This invention relates generally to processing of a stream of air prior to its separation into components, and more particularly concerns efficient drying and cooling of such air stream.
Air separation units (ASU) separate air into its constituent parts, nitrogen, oxygen and Argon. This is performed by distillation at low temperatures (−300 DegF.). Preliminary to cooling the air feed stock to the liquefaction point, it is necessary to remove the minor amounts of water and carbon dioxide present in air, prior to the introduction of air to the heat exchangers where the air is exposed to freezing temperatures. In modern plants this is done by a two step process. First the compressed air is cooled to about 5 DegC. (41 DegF.), where most of the water is removed by condensation and separation. Next the cooled air is passed through absorbent beds containing a suitable absorbent such as a molecular sieve, where the last traces of moisture and the carbon dioxide are removed.

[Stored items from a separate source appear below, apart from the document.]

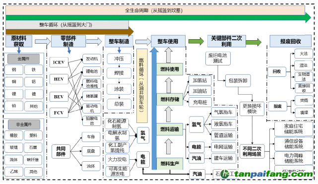 在這種評(píng)估思路下,汽車原材料的獲取、制造裝配、運(yùn)行使用、關(guān)鍵部件二次利用直至報(bào)廢回收過(guò)程中所產(chǎn)生的碳排放都應(yīng)該考慮在內(nèi)。
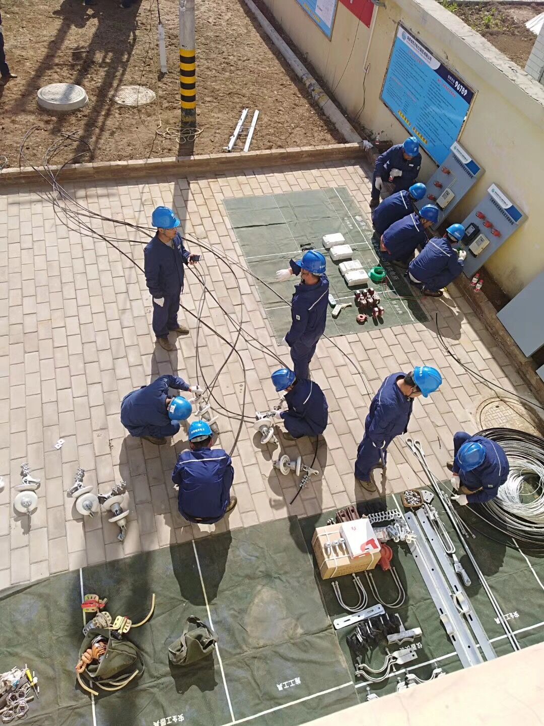 在练兵现场,该公司成立了专门的领导小组,安监保卫部、生产技术部技术骨干重点对高处作业安全、立杆、登杆、拉线制作、仪器仪表的使用、弧垂调整、接地电阻及变压器绝缘电阻测量分析、瓷瓶装配、横档安装等对参培人员进行了细致地讲解,并对实操过程中发现的问题及时纠正。活动负责人王博按照提前制定好的方案将参培人员分为四组,每组制定专人进行安全监督,并对活动涉及的金具材料就所有型号、功能、作用逐一介绍。
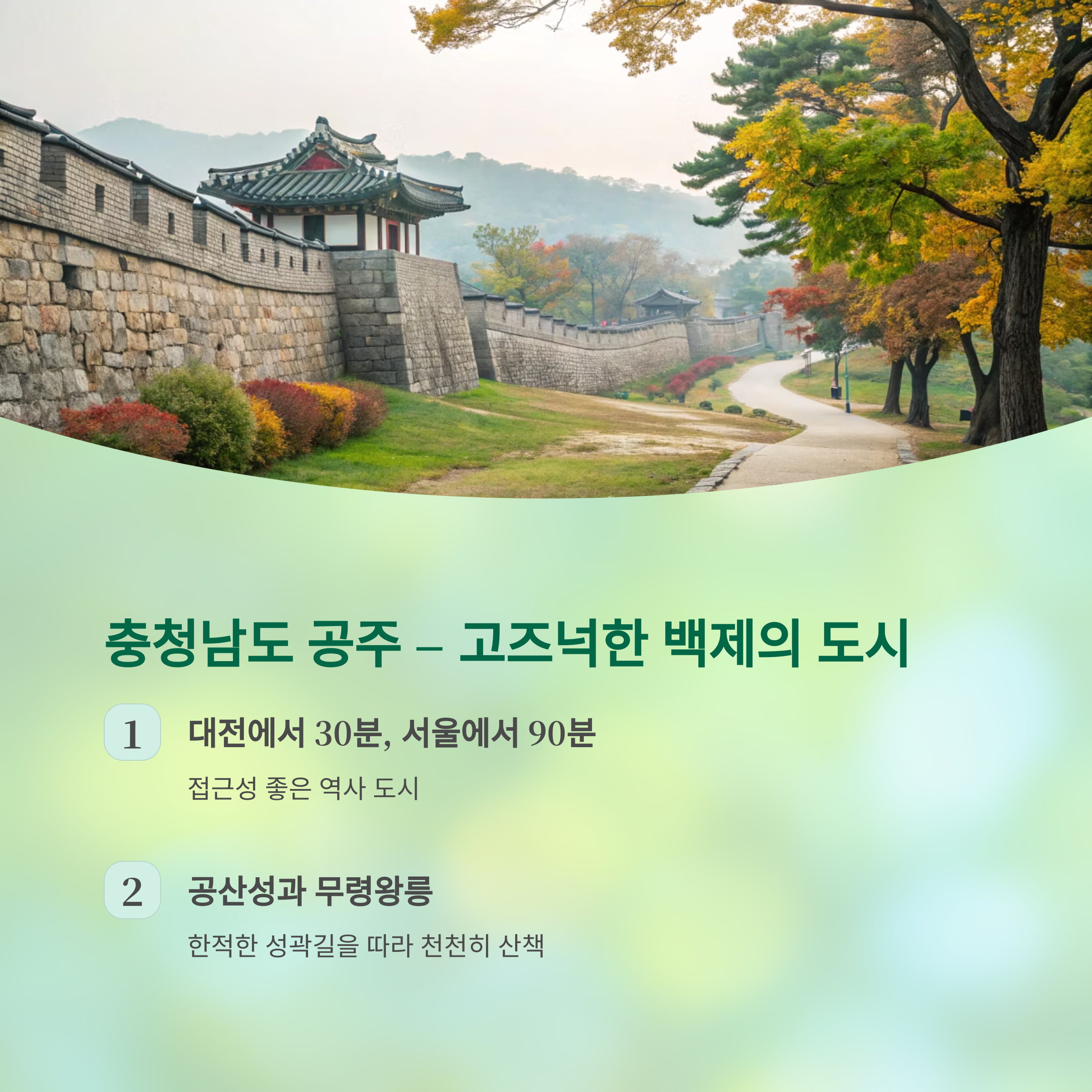 | 공주 | 역사 유적, 시장 투어 | 약 1시간 30분 | 고속버스 |
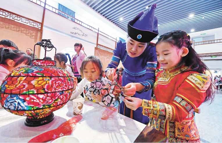 1月15日,小朋友們?cè)诜沁z年貨展互動(dòng)體驗(yàn)區(qū)學(xué)習(xí)制作燈籠。當(dāng)日,“非遺過大年文化進(jìn)萬家——2019年全區(qū)非物質(zhì)文化遺產(chǎn)年貨展”在內(nèi)蒙古展覽館舉辦,活動(dòng)日期為1月15日至24日。本次展覽精選了與傳統(tǒng)年俗有關(guān)的近100個(gè)非遺項(xiàng)目進(jìn)行集中展示,旨在推動(dòng)非物質(zhì)文化遺產(chǎn)創(chuàng)造性轉(zhuǎn)化、創(chuàng)新性發(fā)展,促進(jìn)文化脫貧攻堅(jiān),傳承和弘揚(yáng)民族優(yōu)秀傳統(tǒng)文化,將非遺融入傳統(tǒng)新春佳節(jié),讓記憶里的濃濃年味在非遺傳統(tǒng)中鮮活起來。(內(nèi)蒙古日?qǐng)?bào)社融媒體記者 王磊攝)
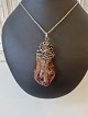 Silver necklace with large amber pendant wrapped with silver thread. Stamped 925. Dimensions of the amber lump 4 x 8 cm. Length of the necklace 60 cm. Width 2 mm.
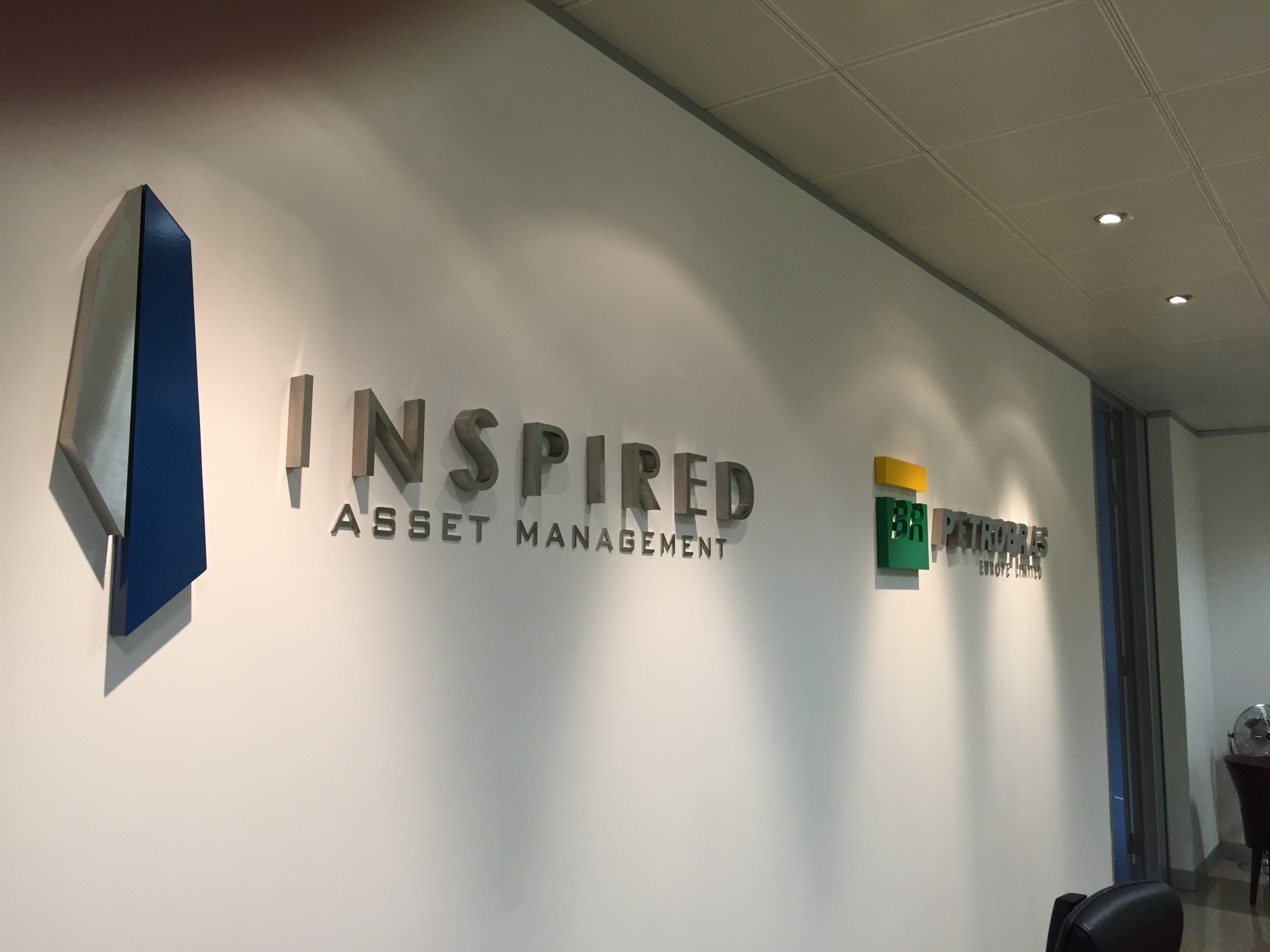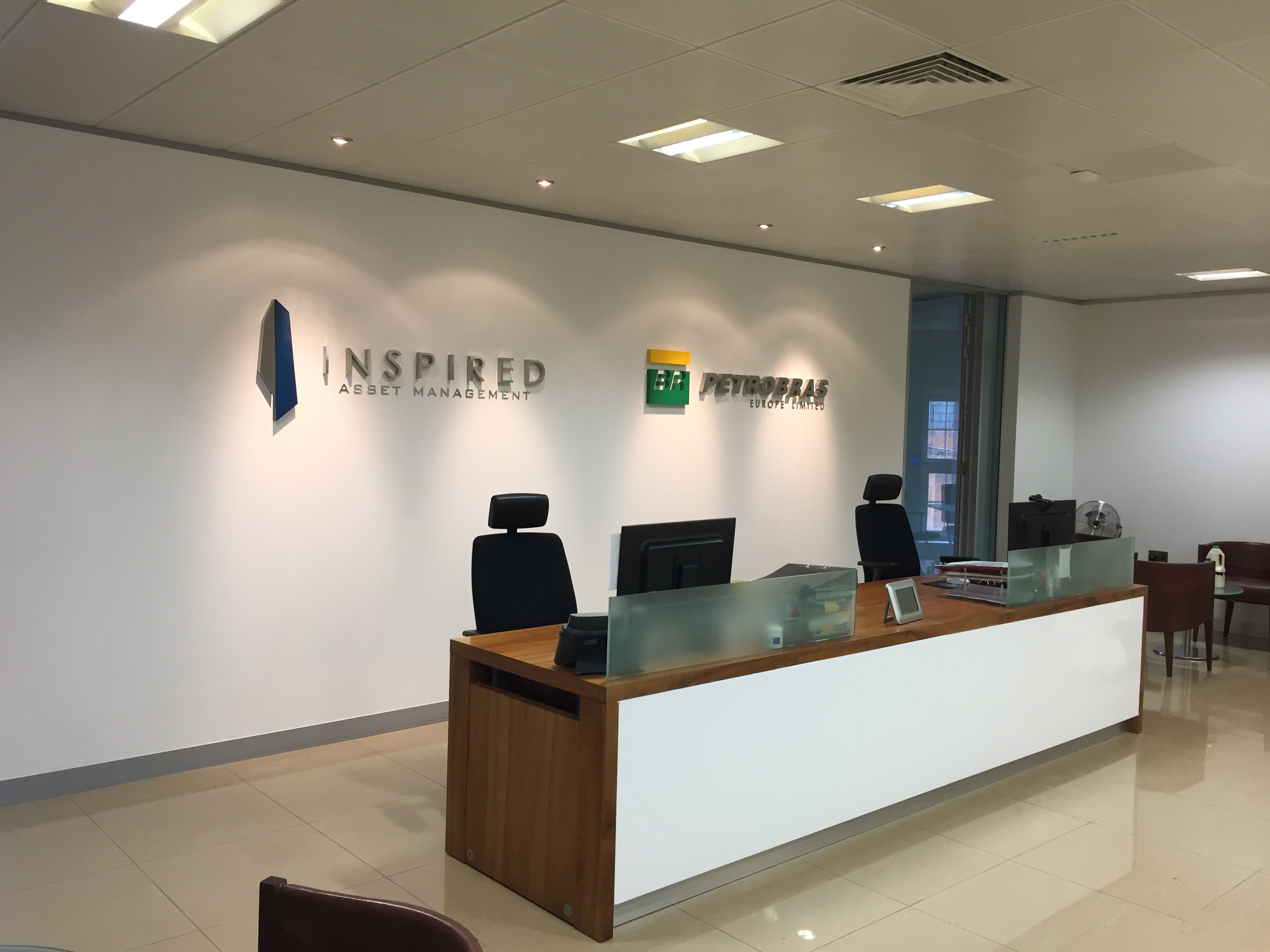 Energy Firm and Asset Manager Logo Sign Fabricated soldered metal letters and 3D metal logo signs at company reception desk in City of London. Corporate SignsReception signs3D Share this sign
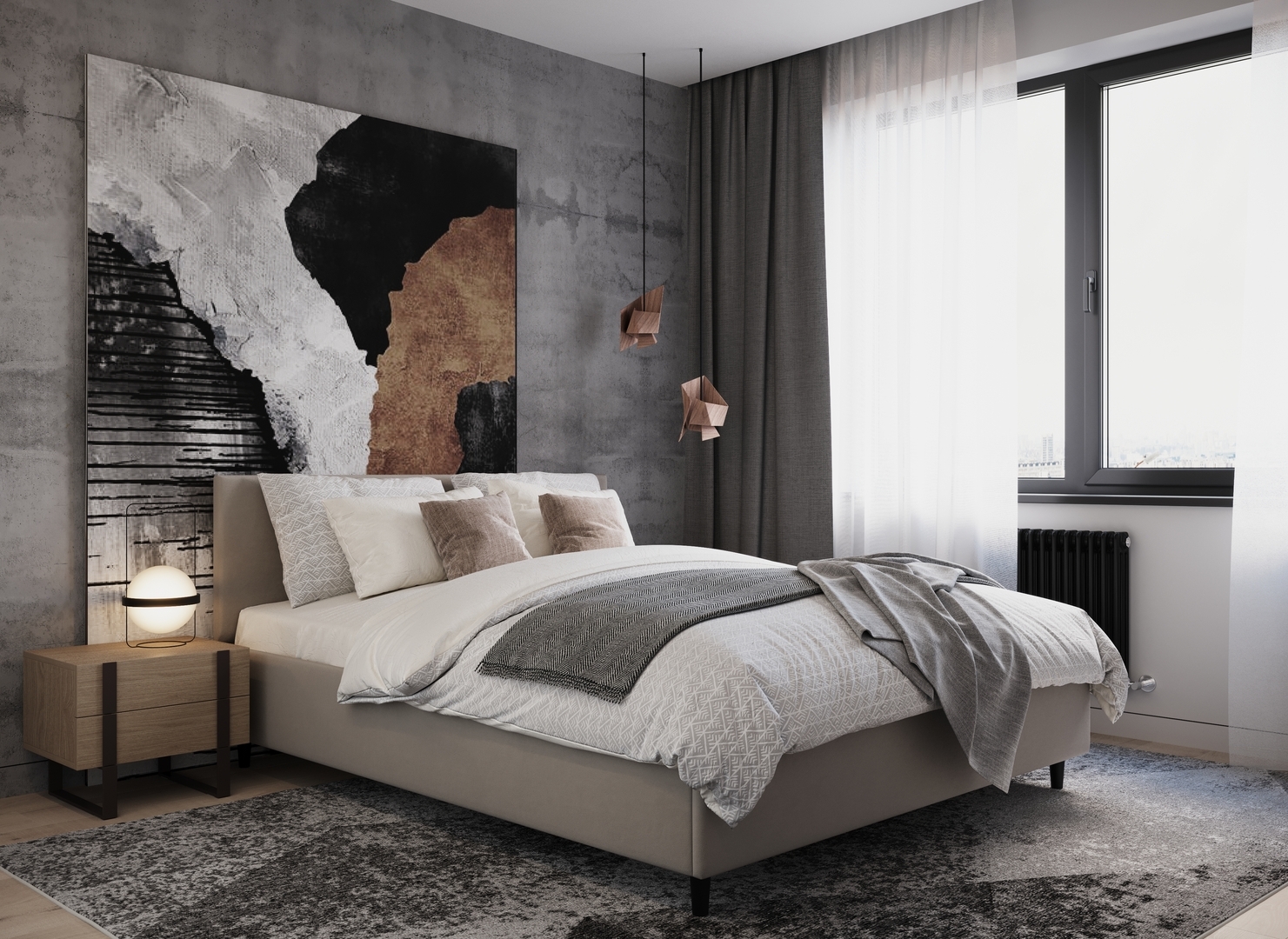 Создать гармоничный интерьер и завершить образ спальни помогут дополнительные аксессуары, например: тумбы, банкетки, подушки.

The reduced air temperature is necessary to provide the absorbent function with a high degree of affinity for carbon dioxide. The beds are regenerated periodically by either de-pressurization (Pressure Swing Absorption) or more commonly heating (Temperature Swing Absorption).
There is need for improvements in such processes, which typically employ mechanical refrigerators running with either Freon or ammonia. The evaporator operates at temperature close to freezing to prevent the water in the compressed air from freezing on the tube surfaces. The heat absorbed in cooling the air and condensing the water combined with the power used in the compressor is rejected to either air (ambient) or a cooling water circuit.